Die Schaukelstühle wippen im Gleichtakt. Zwei Männer sind vertieft im Dominospiel. Aus dem Innern des Bauwagens, wo kubanische Luft in Bechern konserviert neben Fotografien einer Hauptstadt im Wandel die Wände ziert, erklingt Musik. Es ist eine Szenerie, wie sie in Havanna tagtäglich anzutreffen ist, die Reto Bärtschi (Wangenried, *1971), Kurt Baumann (Aarwangen, *1956), Michael Blume (Niederbipp, *1966) und Christian Gerber (Locarno, *1944) vor wenigen Wochen für ein paar Tage auf den Langenthaler Wuhrplatz zauberten. Wie sie die vier Kunstschaffenden auf ihrer anschliessenden Reise nach Solothurn in einigen Oberaargauer Dörfer erzeugten. Und wie sie sie jetzt auch in der Ambassadorenstadt erlebbar machen. Es wäre nicht das erweiterte Künstlerkollektiv BBB, hätte dieses seine Ausstellung im Künstlerhaus S11 ganz ohne ein solches Vorspiel angegangen. Schon der Prozess bis zur eigentlichen Werkschau ist immer wieder Kunstwerk an sich. Die Reise damit auch im übertragenen Sinne das Ziel.

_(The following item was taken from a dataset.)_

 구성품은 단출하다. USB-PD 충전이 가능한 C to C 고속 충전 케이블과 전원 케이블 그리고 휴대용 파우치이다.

So war es auch, als die vier Kunstschaffenden Ende 2012 zur gemeinsamen Kubareise aufgebrochen sind. Es waren erste Eindrücke vom Land, seinen Bewohnern und seinen Herausforderungen, die sie während des Aufenthaltes im karibischen Inselstaat, jeder für sich und doch im steten Austausch, künstlerisch umsetzen. Das Kuba dieser Zeit des Aufbruchs sollte sie aber auch in den darauffolgenden Monaten und Jahren noch stark beschäftigen. Ein Land zwischen Armut und Hoffnung, seine gescheiterten Idole und neuen Ideale sowie eine aller Widrigkeiten zum Trotz scheinbar ungetrübte Lebensfreude waren es denn auch, die im Mittelpunkt standen der gemeinsamen Ausstellung «Quién es el último?»  2014 im Langenthaler Ruckstuhlareal. 

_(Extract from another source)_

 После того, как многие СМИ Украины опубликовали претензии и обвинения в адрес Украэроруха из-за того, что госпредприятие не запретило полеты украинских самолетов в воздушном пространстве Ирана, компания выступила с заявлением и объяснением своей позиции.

«Wer ist der Letzte?», wie sich die Menschen in Havanna in der wartenden Masse vor Banken, Busstationen, Lebensmittelläden jeweils erkundigen, nach welchem Mitwartenden die Reihe an ihnen sein wird, fragen Reto Bärtschi, Kurt Baumann, Michael Blume und Christian Gerber nun also auch im Solothurner Künstlerhaus. Weitere Kubareisen, andere Eindrücke, und mit Lázaro Nelson Céspedes Carmona (*1991) ebenso die Innensicht eines jungen kubanischen Kunstschaffenden sind hinzugekommen, bereits Bestehendes wurde weiterentwickelt, neue Werke sind entstanden oder im Begriff zu entstehen. Sie erzählen von einem Kuba, wie es einmal war und was daraus geworden ist. Von neuen Freiheiten und Möglichkeiten. Von Frust aber auch und unerfüllten Träumen. Da sind die Objekte und Installationen von Kurt Baumann, genussvolle Hommagen an den kubanischen Lebensstil und Erfindergeist mit stets auch politischem Unterton. Die Fotografien von Christian Gerber, der Kuba 1980 mit dem Journalisten Stefan Frey von der Solothurner AZ bereist hat und die damals entstandenen Aufnahmen nun denjenigen seiner letzten Reise gegenüberstellt. Da ist Reto Bärtschi, der seine Eindrücke von Kuba zeichnerisch umsetzt, im stillen Kämmerlein ebenso wie in der Öffentlichkeit des Künstlerhauses selber. Und da ist Michael Blume, der sich in seinen Objekten und Fotografien nicht nur mit dem Land und dessen aktueller Politik auseinandersetzt, sondern ebenfalls vorauszuschauen wagt in ein Kuba, wie es in 20 bis 30 Jahren einmal sein könnte. Ein Land, dessen jüngste Reise eben erst begonnen hat.